I created this PR to allow agave to easily switch out the channel implementation. The follow on pr will bound the worst case behavior while providing the exact same load shedding that exists in agave today.

If someone (such as the networking team) would like to explore alternate load shedding implementations and root cause the spikes, this seems like a valuable project whose priority would need to be considered relative to other projects.

The result of this pr (and the following one) would allow an unbounded channel to be replaced by a bounded channel with the exact behavior as we currently have… except we eliminate the worst case behavior of wastefully growing an unbounded channel to hold data that will be thrown away past a threshold at receive time.

If subsequent changes are made to include more sophisticated load shedding, then the fact that implementation is behind a trait bound will likely allow that implementation to plug into the existing code paths. Or, if the more sophisticated version is so vastly different enough that the trait bound isn't sufficient, we can revert / rework relevant code paths at that time -- this is work that would have to be done in either case. This code change and the follow on PR are minimal enough that very little code needs to be changed in either case.
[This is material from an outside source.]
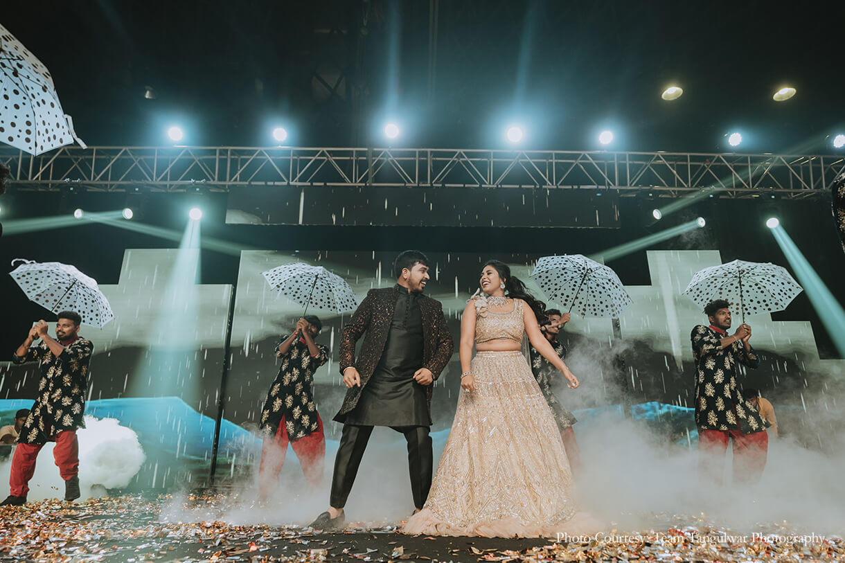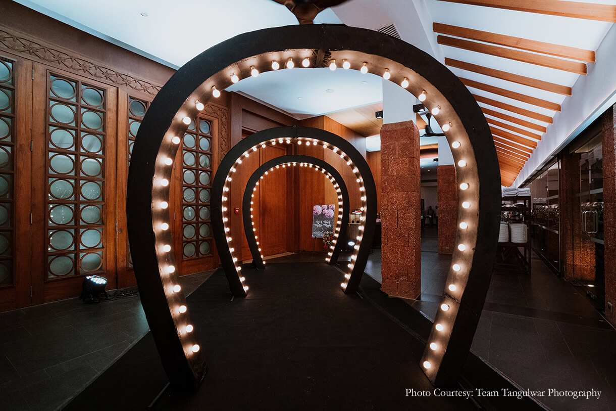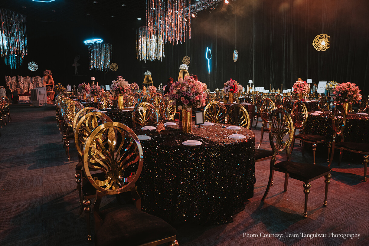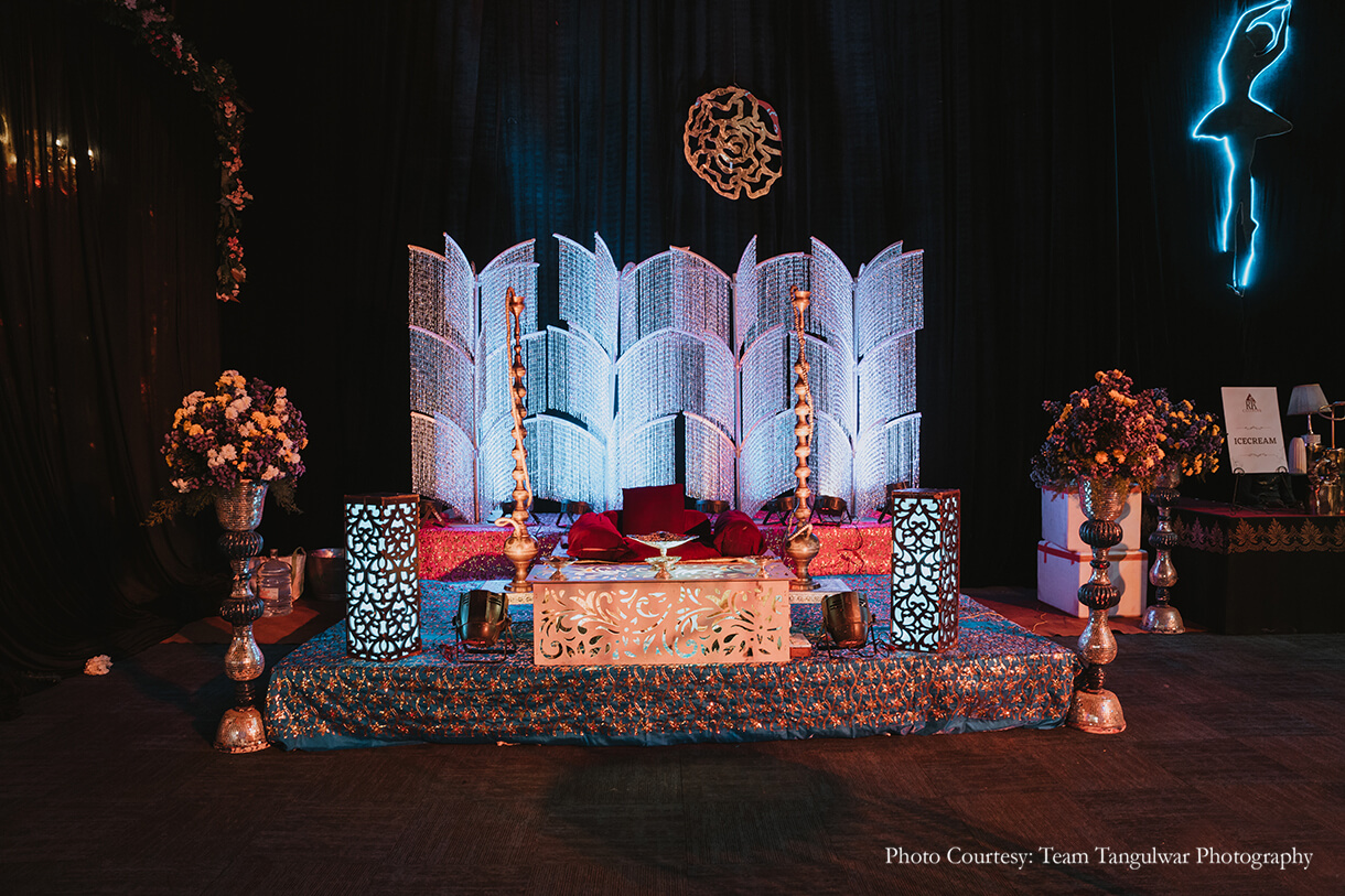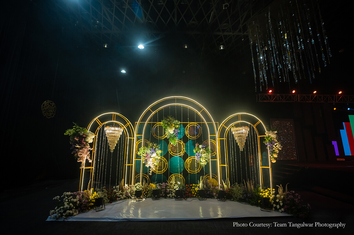 With a green and gold color palette, the sangeet was high on glitz. While the walls were a deep bottle green hue, the gold LED light contrasted beautifully. Adding to the beauty were delicate floral setups, sequins and crystal chandeliers.

behzadnouri · 2025-02-07T02:22:59Z

I appreciate you contributing here and we definitely can benefit from more people helping with debugging and maintaining gossip or scrutinizing the design and implementation. I also fully acknowledge that these packet spikes are something which needs to be investigated and addressed. So please do not consider my comments as dismissive of your work or intentions.

However, my point is, before implementing any solutions, we need to take some prerequisite steps:

First we need to understand the nature and root cause of these spikes.
- Are these legit traffic or spams? Is there an implementation or design bug? Is there any correlation with the node's stake or node's leader slots? What is the distribution of packet types within these spikes? How many of these packets are duplicate? etc.
Then we need to figure out what best addresses the root cause.
- Is there a bug that needs to be patched? Does it require a design change? Should we prioritize certain packets? Should we do more load-shedding or a different kind of load-shedding? etc
- In particular if the issue is an implementation or design bug, then (any kind of) load-shedding will only obscure the symptoms and does not really address the root-cause. Not only that, it will even make it harder to investigate the root-cause.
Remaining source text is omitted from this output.